Ансамбль-Артемиево-Веркольского монастыря. Конец XIX-в.

– О судьбе мощей святого отрока Артемия новых сведений не появилось? – спрашиваю я наместника монастыря отца Иосифа.

– Нет. Ясно лишь, что они не попали в руки гонителей. Когда пришли красноармейцы, то обнаружили пустую раку. Местные предания говорят, что монахи их спрятали вместе с церковной утварью. Легенда живописует, как целые обозы вышли из обители. Это, конечно, преувеличение. Время от времени нам сообщают о новом видении, мол, там-то или там-то находятся мощи. Некоторые даже сами пытались искать, в том числе на территории монастыря: стены промеряли, плитки поднимали в Успенском соборе. Думаю, придёт время и Господь всё устроит, явит мощи. Это и от нас зависит, насельников, от нашего благочестия. Быть может, случится это в трудный момент для страны или Архангельской земли.

Пока они под спудом, но у нас хранится частица мощей, которую преподнёс в дар монастырю протоиерей Артемий Владимиров. Она находится в новописанной иконе, перед которой мы совершаем молебны.

Есть ещё старинная икона, которая росоточит. Я ещё иеродиаконом был, когда увидел во время каждения, как это происходит, и происходит явно не в первый раз, потому что роса выступает там, где на ножке и ручке нет краски. Я пальцем макнул, помазался.
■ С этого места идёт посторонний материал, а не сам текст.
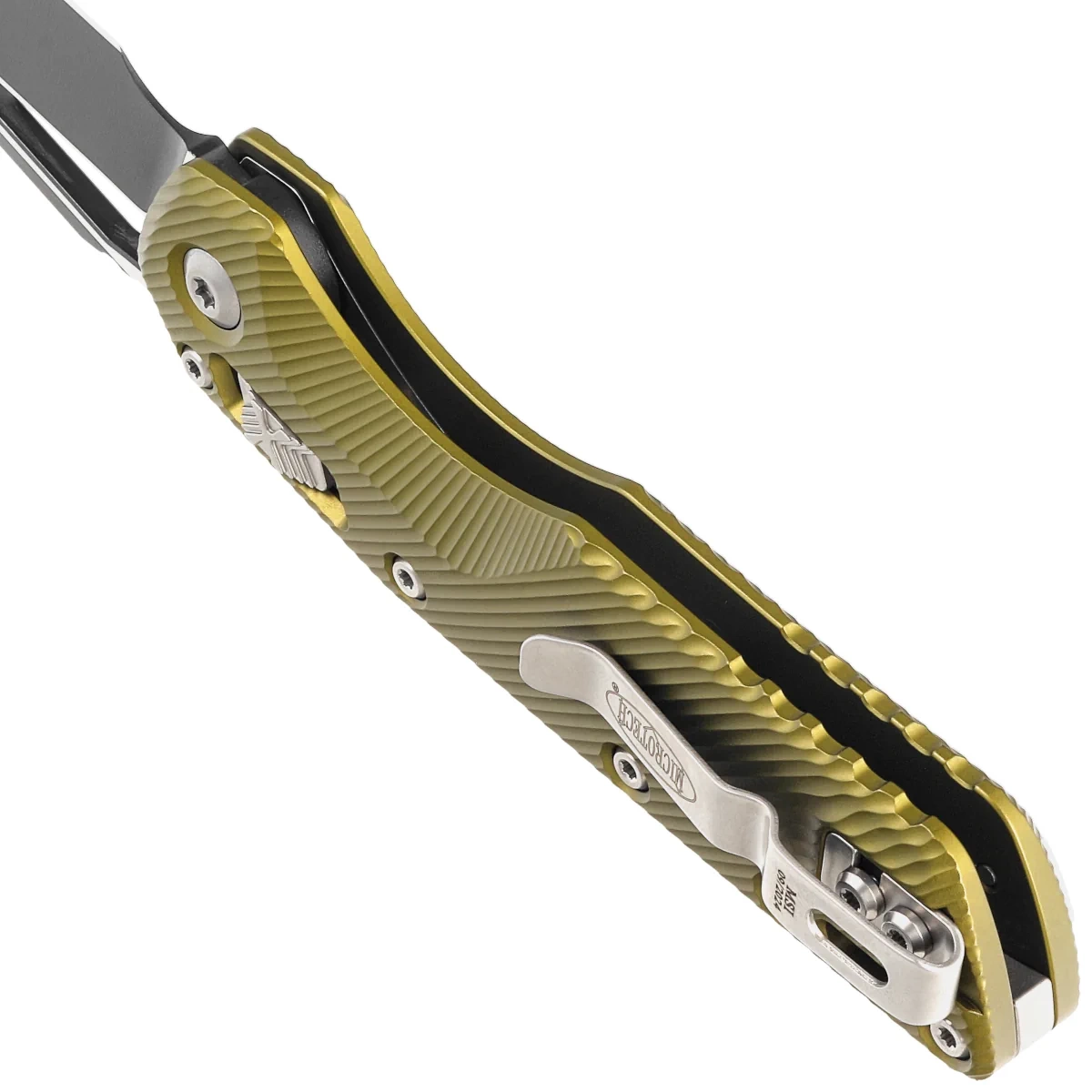 Rękojeść - wykonana z doskonałą precyzją w technologii 3D na frezarkach CNC z anodyzowanego aluminium 6061-T6, dla lepszego uchwytu pokryta wyfrezowanymi liniami (Fluted). Szeroki suwak blokady z charakterystyczną dla firmy Microtech schodkową strukturą X. Obie okładziny zostały skręcone przy pomocy solidnego, aluminiowego backspacera. Dwustronny (prawa / lewa) klips pozwala dyskretnie nosić nóż w pozycji tip-up. Nad klipsem lanyard hole, miejsce na linkę zabezpieczającą lub ozdobną.

Это случается перед какими-то серьёзными искушениями, скорбями, чтобы укрепить.

С этого и началась наша беседа о судьбе отца Иосифа и о том, как живёт обитель сегодня.
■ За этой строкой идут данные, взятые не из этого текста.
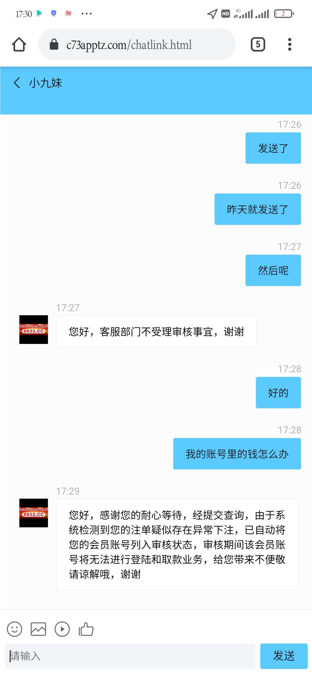 我参加首存活动,1500➕1500,赢到1.9w,我提现时说我注单异常,账号被冻结了,黑我1500,网址8932.cc
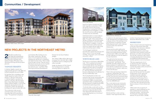 There is a lot of construction happening in the city of Shoreview these days. According to Tom Simonson, Assistant City Manager and Community Development Director, some major corporations have recently moved into Shoreview, and others are expanding. The city also continues to see a boom in housing development of all varieties, and additional retail projects have recently opened or are on the horizon.
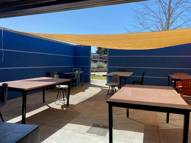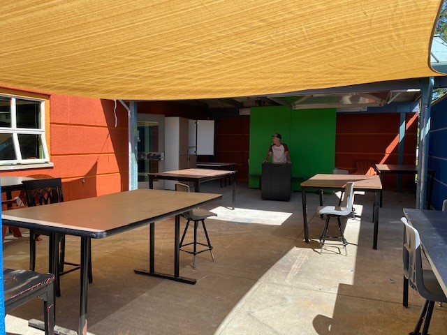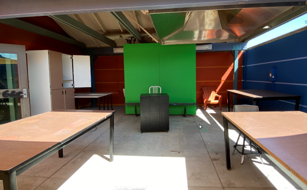 What was once a simple patio beside a south classroom has been transformed into a new learning/teaching/working space. Yes, that’s a green screen you see in that picture because this is a classroom that can handle virtual instruction. But it’s more – it’s a large, airy workspace. This area is completely enclosed and shaded; it even has a swing gate, making it easy to bring materials in and out – things that are big, things that are dirty, things that might not fit through a standard classroom door. This is a space where students can build all the wonderful things they can imagine!
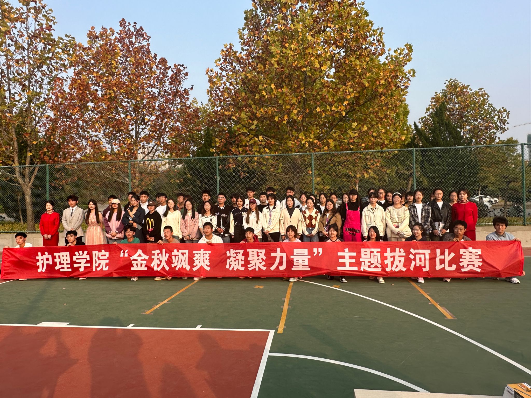 为增强学生的团结意识和团队精神,提高团队凝聚力,鼓励大学生强健体魄,培养学生坚韧不拔的意志,形成和谐、文明的校园氛围,10月29日下午,护beat365官方网站于新体篮球场举办“金秋飒爽,凝聚力量”主题拔河比赛。
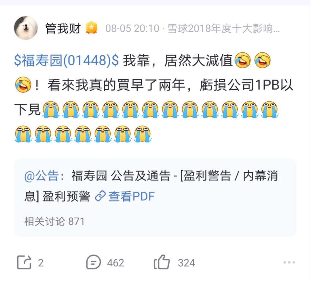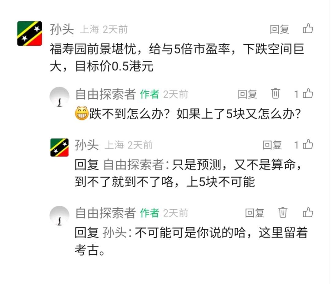 话说回来加仓的福寿园,我看见很多人都在评论,说它是亏损股,必须跌破净资产。还有更极端的,说它要跌到0.5港币。
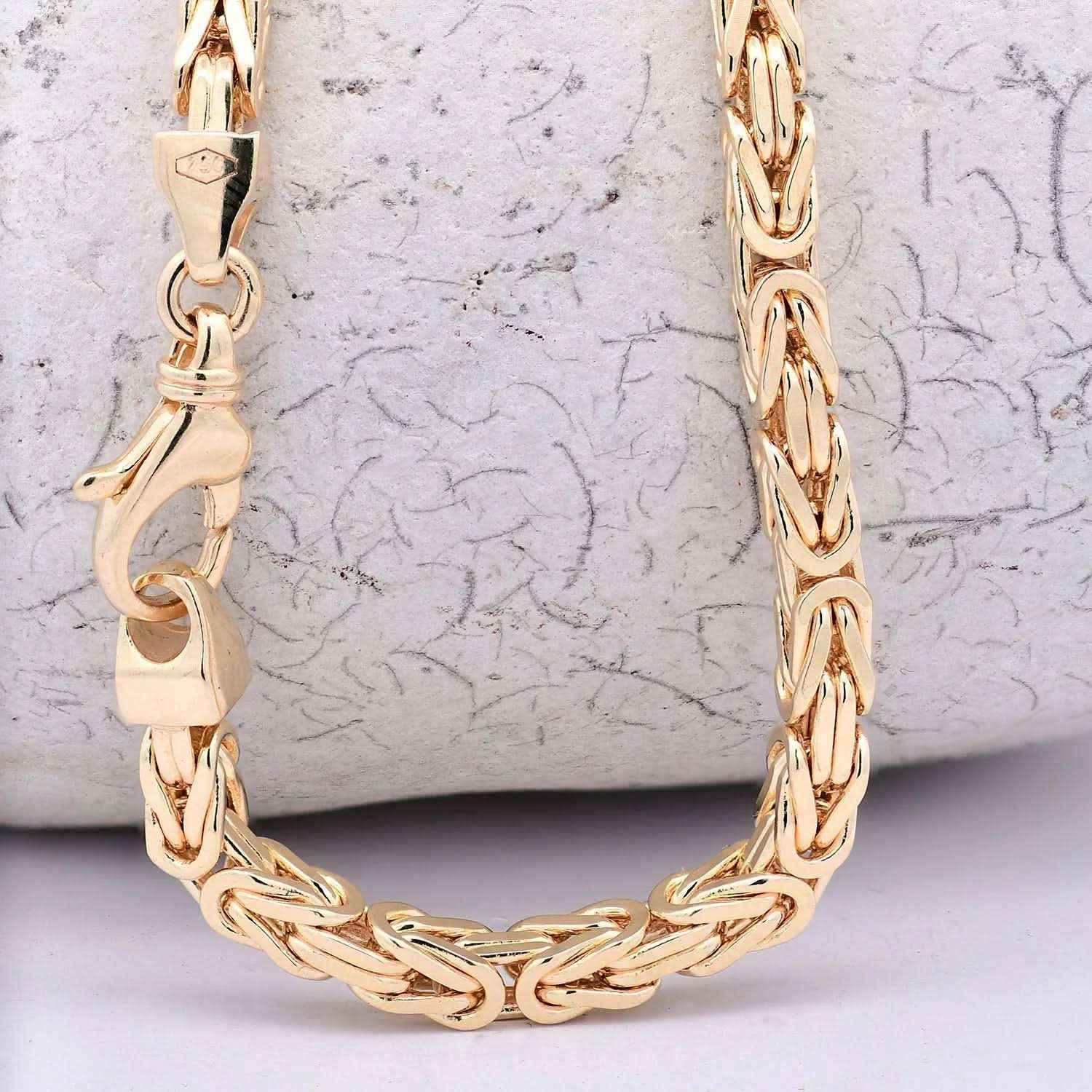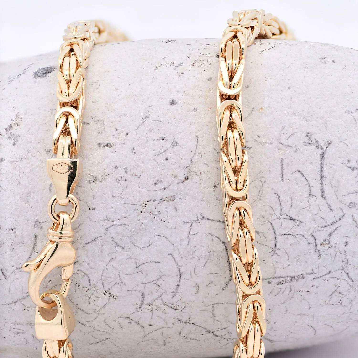 Das Byzantinische Flechtmuster wird in Deutschland auch als Königskette bezeichnet. Die Königsketten auch Byzantinerketten genannt, werden von Männern und Frauen getragen. Die aufwändige und auffällige Flechtart dieser Kette ist Tausende von Jahren alt. Die meisten Männer bevorzugen Ketten aus klassischen Materialien wie Silber oder Gold. Die Breite der Kette und das Muster machen die Königskette beliebt bei Männern jeden Alters. Die dünneren Modelle wirken jedoch auch bei Frauen sehr stilvoll.

Архимандрит Иосиф (Волков)

До пострига

– Ваши родители были верующими?

– Неверующими, а отец даже некрещёным. Но все нравственные основы я получил именно от них. Школа повлияла минимально, главное – семья. Как воспитают, так всё и сложится потом. Учили не воровать, помогать ближним, беречь душу. Работали они инженерами в подмосковном Фрязино. Закрытый город, построенный после войны пленными немцами. Все предприятия работали на оборонку, наше не было исключением. Называлось НПО «Исток»; производило приборы для спутников, кораблей и так далее, что-то связанное с лазерами, магнетронами, СВЧ-техникой. Я тоже там трудился, но рабочим. После того как окончил институт по специальности радиоинженер, мог устроиться уже в новом качестве, но это совпало по времени с моим желанием пойти по церковному пути.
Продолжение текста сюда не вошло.